Бобрики... Кого ни спрошу, все пожимают плечами: «Нет, не знаем, не слышали». Кто-то даже предположил, что это место, где шили бобриковые пальто, модные в 60-ых годах...

А я слышала это слово с раннего детства. У каждого поколения, как известно, своя путеводная звезда, свой Днепрогэс. Так вот, Днепрогэс маминого поколения — Бобрики, ударная стройка первой пятилетки. Крупнейший химический комбинат.
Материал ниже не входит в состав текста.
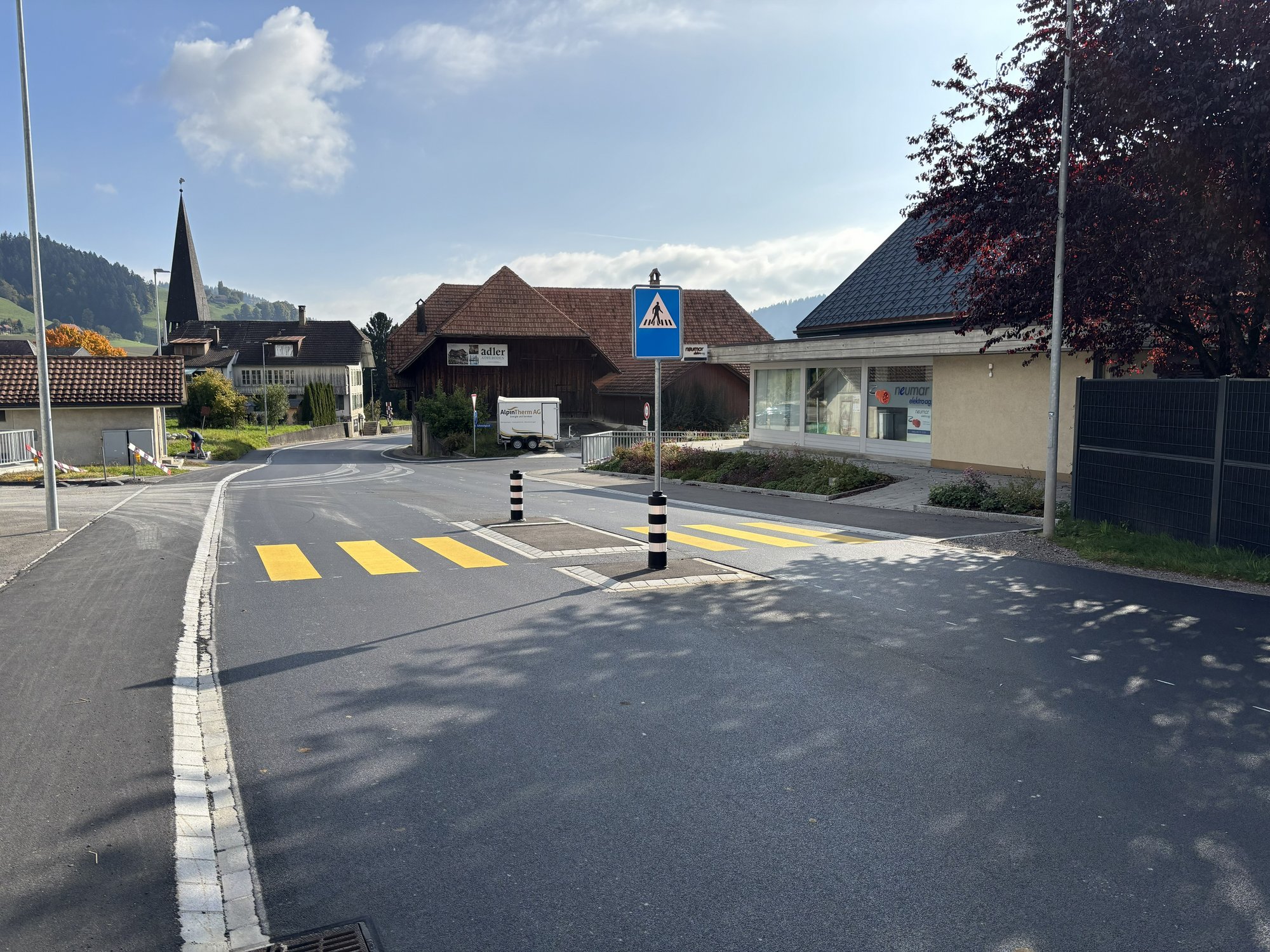 Zur Erhöhung der Fussgängersicherheit wurde eine neue, klar markierte Fussgängerquerung erstellt. Der Zäzibach wurde aufgeweitet und der Durchlass erneuert, um den Hochwasserschutz zu verbessern. Sämtliche Werkleitungen wurden ersetzt und neu strukturiert verlegt. Die Massnahmen werten den Ortskern funktional und gestalterisch deutlich auf.

В давние времена земли в верховьях Дона принадлежали графам Бобринским, род которых вел свою линию от внебрачного сына Екатерины II и графа Орлова. В 1722 году тут, на территории Рязанской губернии, были найдены месторождения каменного угля. В середине XIX века в имении Бобринских в Богородицком уезде заложили первую каменноугольную шахту. Через десять лет здесь началась промышленная добыча угля.

На месте села Бобрики и возник Новомосковск, второй по величине город Тульской области. Сюда, на торфоразработки, посылали по комсомольским путевкам молодежь.

В 1931 году, едва окончив школу, в Бобрики помчался 18-летний Всеволод Иорданский. Работал на строительстве, потом в газете. Он участвовал в организации первой городской партийной конференции бобриковских строителей. Именно к этой конференции выпустил, в соавторстве, маленькую книжечку-брошюрку «Шагаем в ногу». Подзаголовок: «Эпизоды из жизни и работы Бобриковского комсомола». Привез ее маме.

Этой книжечки-брошюрки я не нашла ни в Российской государственной библиотеке, ни в Исторической... Значит, у нас дома — экземпляр уникальный.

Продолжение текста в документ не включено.